Payless (formerly known as Payless ShoeSource Inc.) is an international discount footwear chain. Established in 1956 by cousins Louis and Shaol Pozez, Payless was a privately held company owned by Blum Capital, and Golden Gate Capital. In 1961, it became a public company as the Volume Shoe Corporation which merged with The May Department Stores Company in 1979. In the 1980s, Payless was widely known in the U.S. for its Pro Wings line of discount sneakers, which often had Velcro straps instead of laces. In 1996, Payless became an independent publicly held company. In 2004, Payless announced it would exit the Parade chain and would close 100 Payless Shoe outlets. On August 17, 2007, the company acquired the Stride Rite Corporation and changed its name to Collective Brands, Inc. The company had a total revenue for 2011 of US$ 3.4 billion. The company also has a stunt premium banner, Palessi Shoes. Payless is currently owned by a group of investors led by Alden Global Capital and Axar Capital Management.

It was announced on May 1, 2012, that the company would be purchased by Wolverine World Wide, Blum Capital, and Golden Gate Capital for US$1.32 billion. On December 13, 2016 it was reported that all Payless shoe stores were to be closed in Australia with the loss of 730 jobs. On July 14, 2014, Authentic Brands Group acquired some assets from Payless's division Collective Licensing International, LLC, which included brands such as Airwalk, Hind sports clothing, Vision Street Wear, and Above The Rim.

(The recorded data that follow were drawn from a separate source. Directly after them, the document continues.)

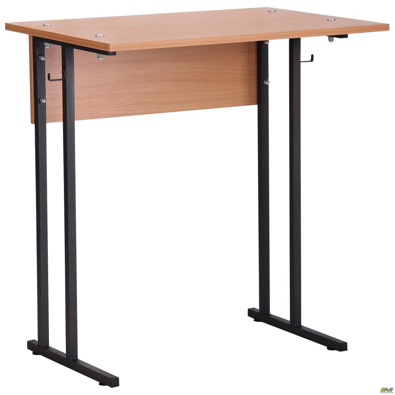 Предусмотрены крючки для сумок, кромка стола изготовлена из пластика толщиной 2 мм. Каркас из окрашенной (порошковой краской) квадратной трубы 20x20 мм, прочный и надежный. Столешница из ламинированного ДСП (царга и полка стола выполнены из ламинированного ДСП, толщиной 16 мм цвета бук), высота фиксированная и не регулируется.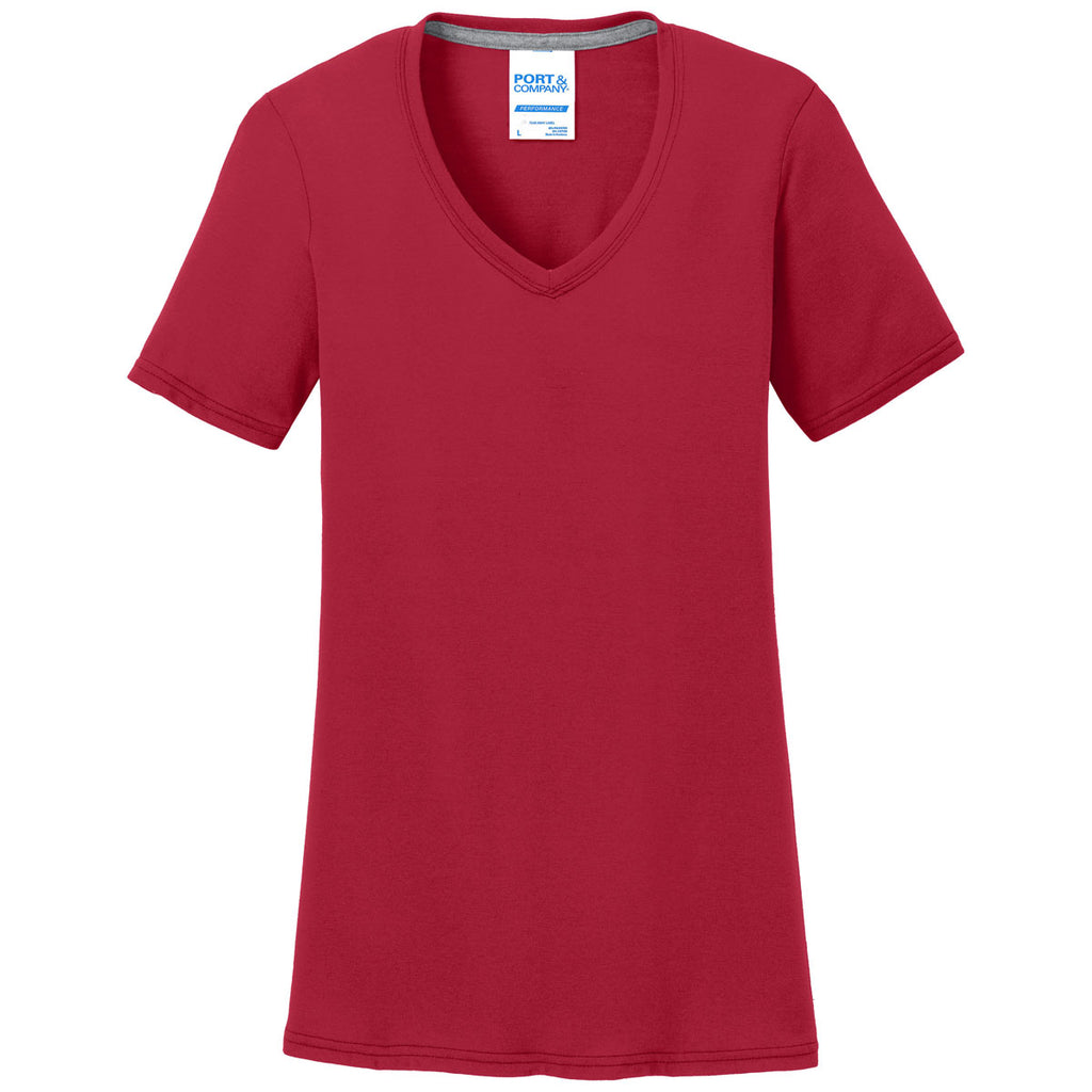 Port & Company Women's Red Performance Blend V-Neck Tee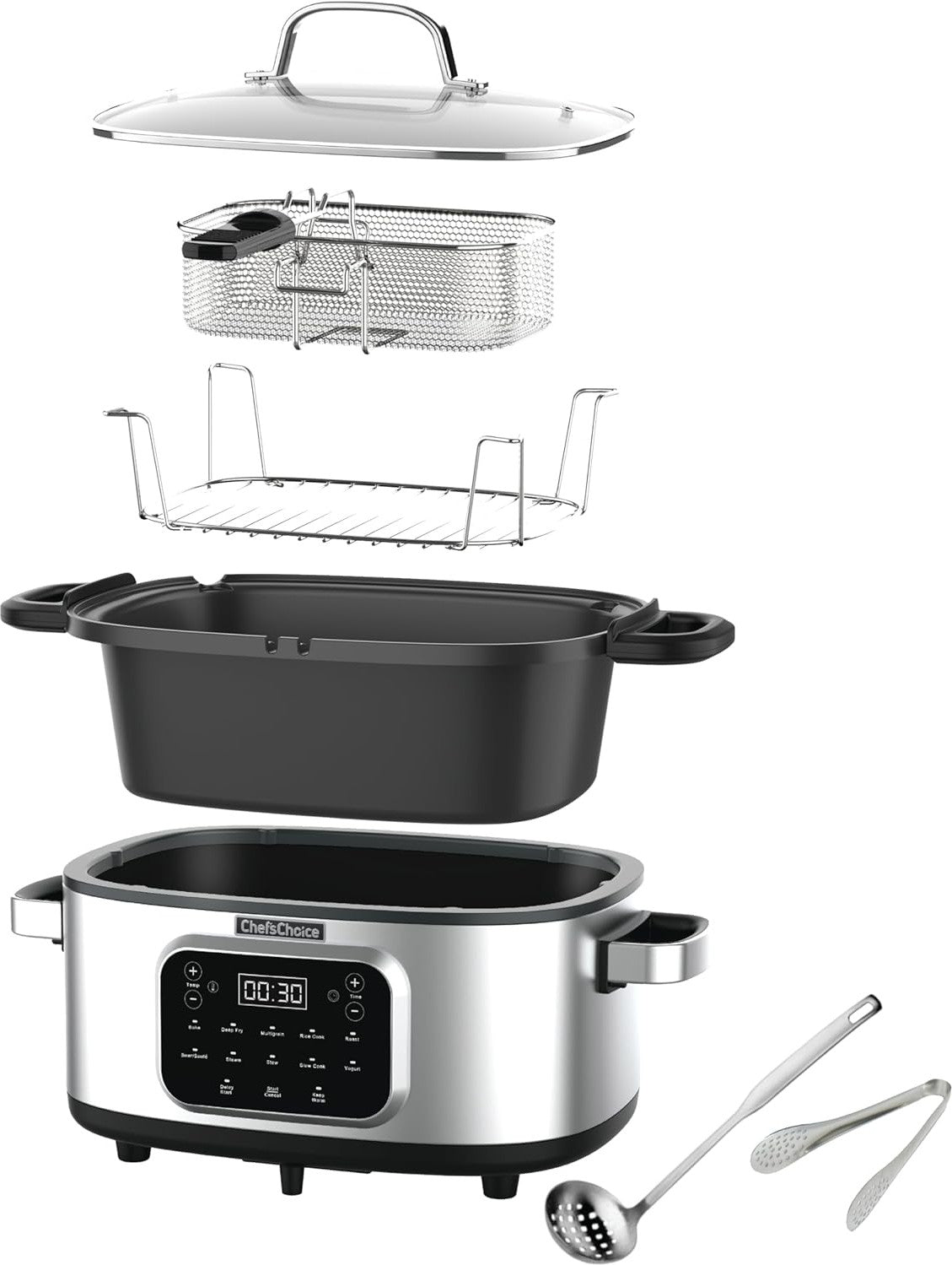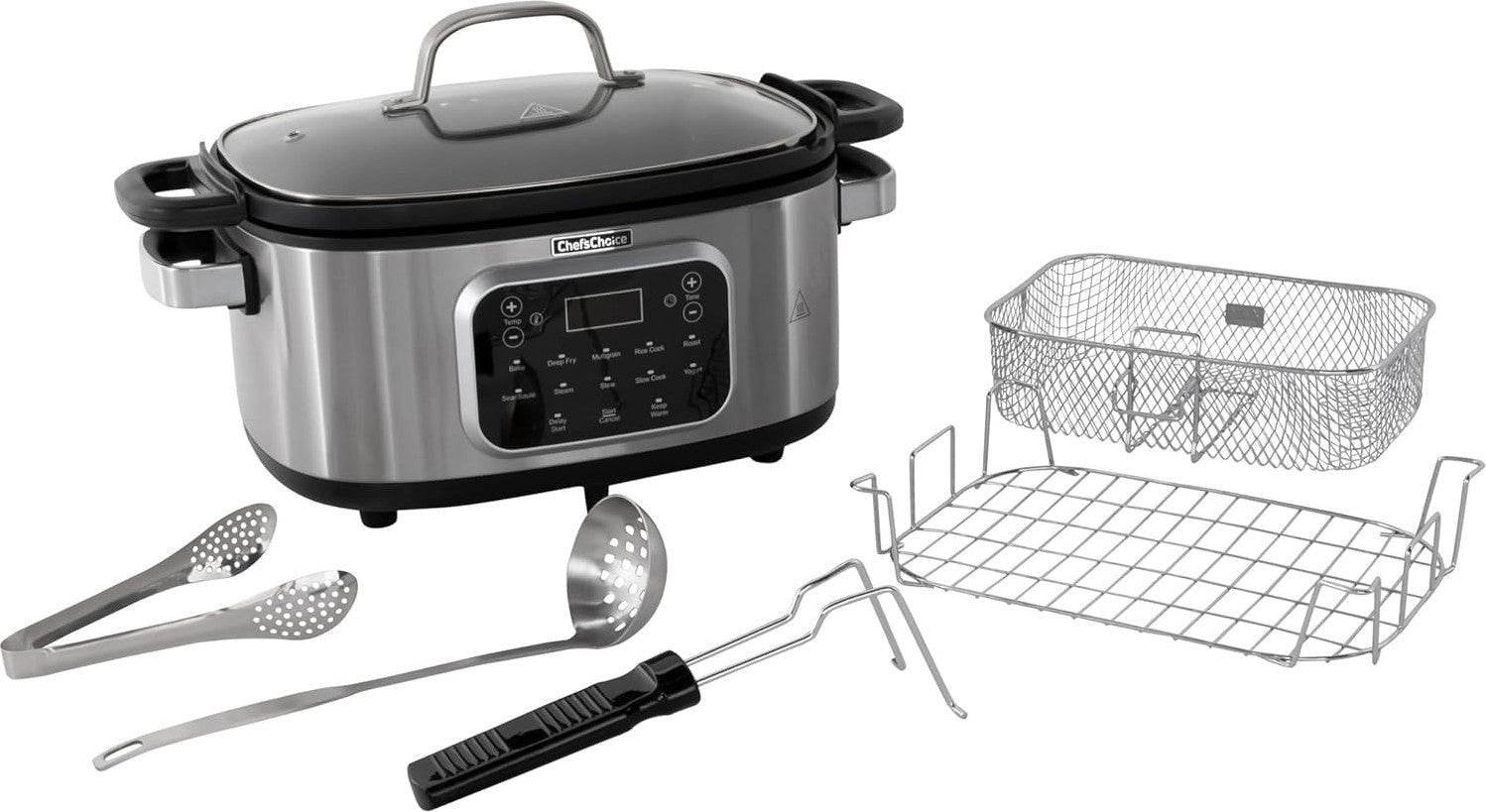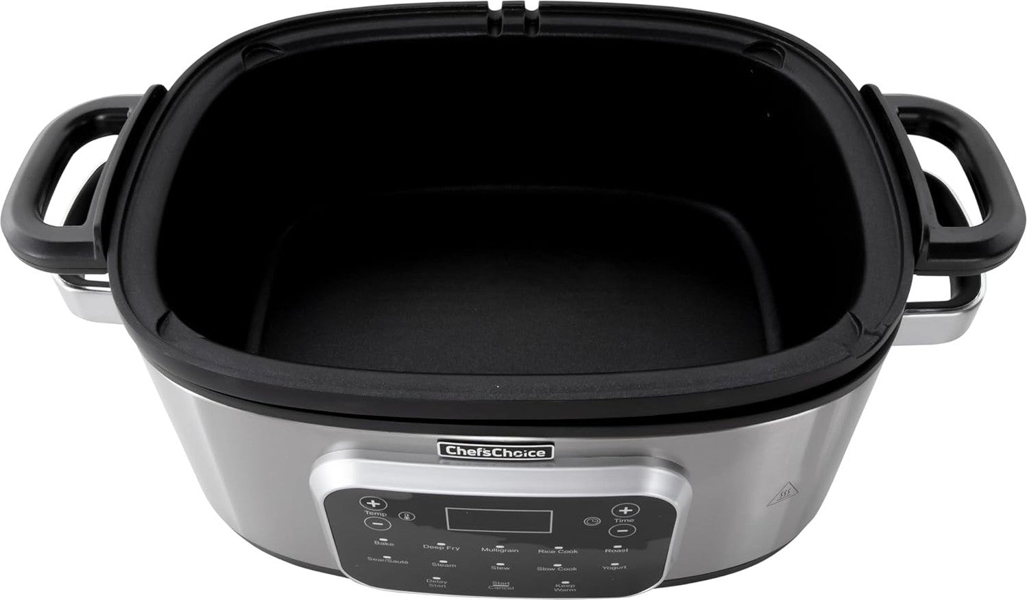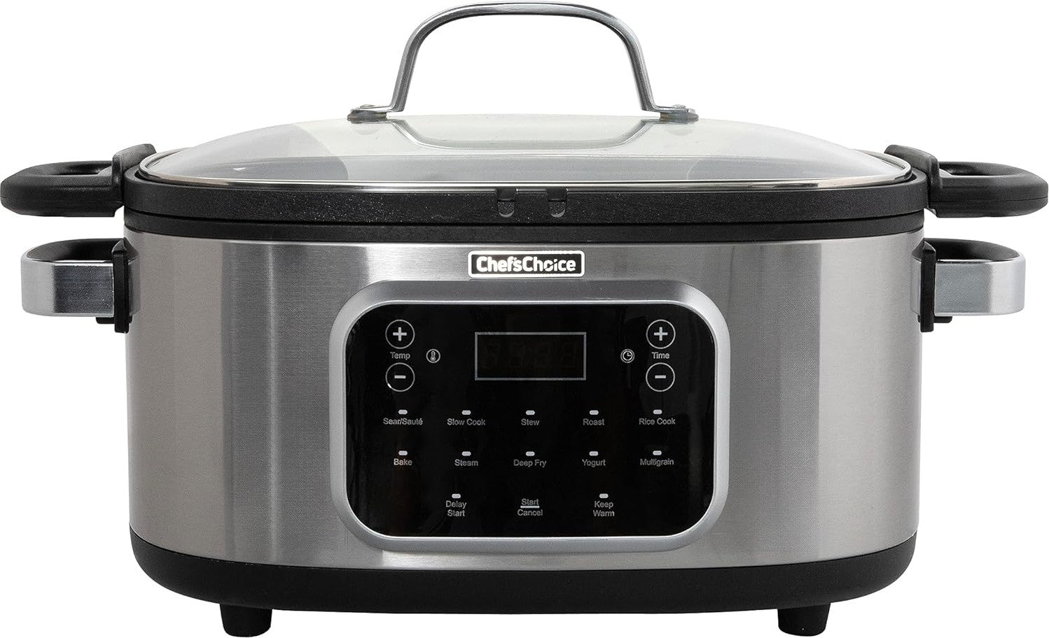 The Chef's Choice 6 Qt Capacity Black Stainless Steel Non-Stick Extra-Large 20-in-1 Multi Slow Cooker is a versatile and powerful kitchen appliance designed to streamline your cooking process and elevate your culinary creations. This multi-functional slow cooker combines the functionality of 20 different kitchen gadgets into one sleek and stylish device, making it an indispensable tool for both novice and experienced home chefs. With its large capacity, durable construction, and user-friendly design, the Chef's Choice Multi Slow Cooker is the perfect addition to any modern kitchen.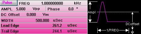 全モデルに最高周波数25MHzのパルスジェネレータ出力が搭載されています。パルス幅、デューティ比、立上り時間、立下り時間による設定が可能で、5Vppの出力が可能です。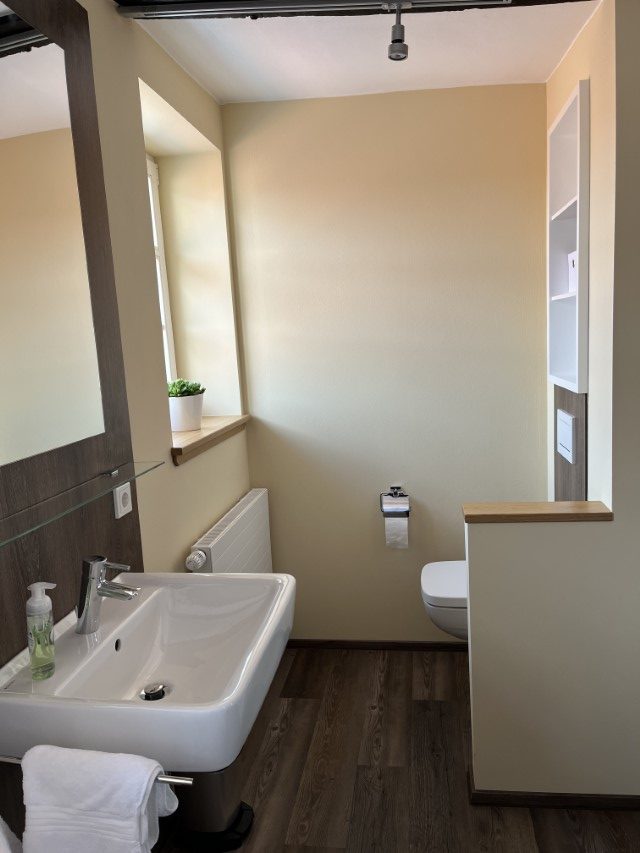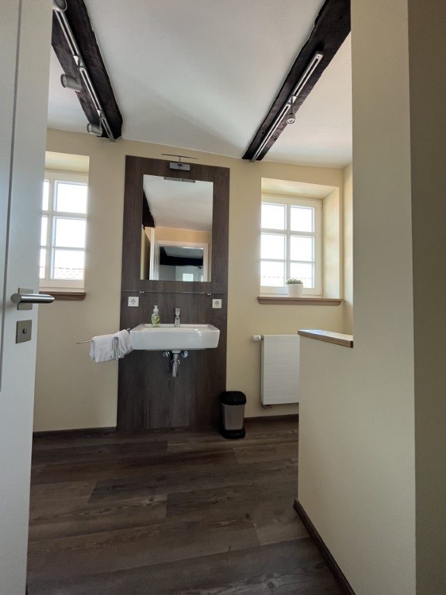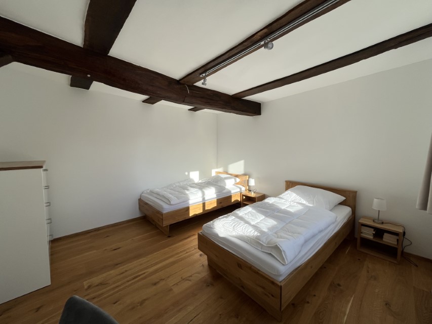 Diese gemütliche eingerichtete Ferienwohnung befindet sich im OG eines Fachwerkhauses auf dem Gelände der Schreinerei in Wabern-Niedermöllrich. Die haustierfreie Ferienwohnung ist neu und hochwertig eingerichtet. Die Wohnküche mit großem Kühlschrank, Induktionskochfeld und Steinarbeitsplatte, Esstisch mit 4 Stühlen, 3er und 2er Couch. Das lichtdurchflutete Badezimmer ist mit großer Dusche, Waschbecken, WC und Schrank zum Verstauen ausgestattet. Im Schlafzimmer mit Doppelbett und Schrank hat man einen wunderschönen Ausblick auf die Eder. Im zweiten Schlafzimmer mit zwei Einzelbetten steht zusätzlich noch ein Schreibtisch. Der möblierte Balkon lädt zu einem Glas Wein in der Abendsonne ein. Gut ausgebaute Fahrradwege und schöne Wanderwege direkt vor der Haustür. Handtücher und Bettwäsche werden im Apartment gestellt.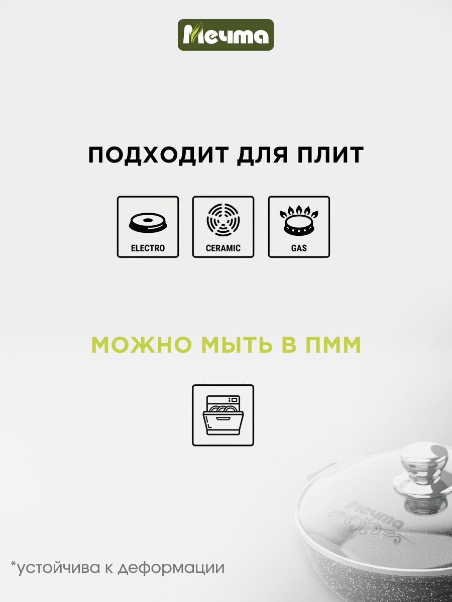 Оцените удобство и универсальность: заказать сковороду Мечта Гранит можно недорого с гарантией 12 месяцев. Сделайте покупку — и готовьте любимые блюда легко и вкусно!

In 2019, North American stores including their e-commerce platform filed for bankruptcy. The filing excluded stores outside of North America, which will continue to operate. Payless emerged from bankruptcy on January 16, 2020, and on August 18, 2020, Payless officially dropped 'ShoeSource' from its name, and launched its e-commerce website.



History

Acquisitions

Circa 1962–63, Volume Shoe company purchased the original Hill Brothers Shoe Company based in Kansas City, Missouri and converted all 25 of their stores to the "Payless" name. In 1971, Volume Shoe obtained the second Hill Brothers Shoe Store chain that was started in St. Louis, Mo in 1956 by Al Melnick and Sol Nathanson with the assistance and aid of the original Hill Brothers in Kansas City. The St. Louis version of "'Hill Brothers Self Service Shoe Store'" went from 3 to 103 stores in the Midwest and South between 1956 and 1971. Volume Shoe originally operated the 103 stores under the "Hill Brothers Self Service" name.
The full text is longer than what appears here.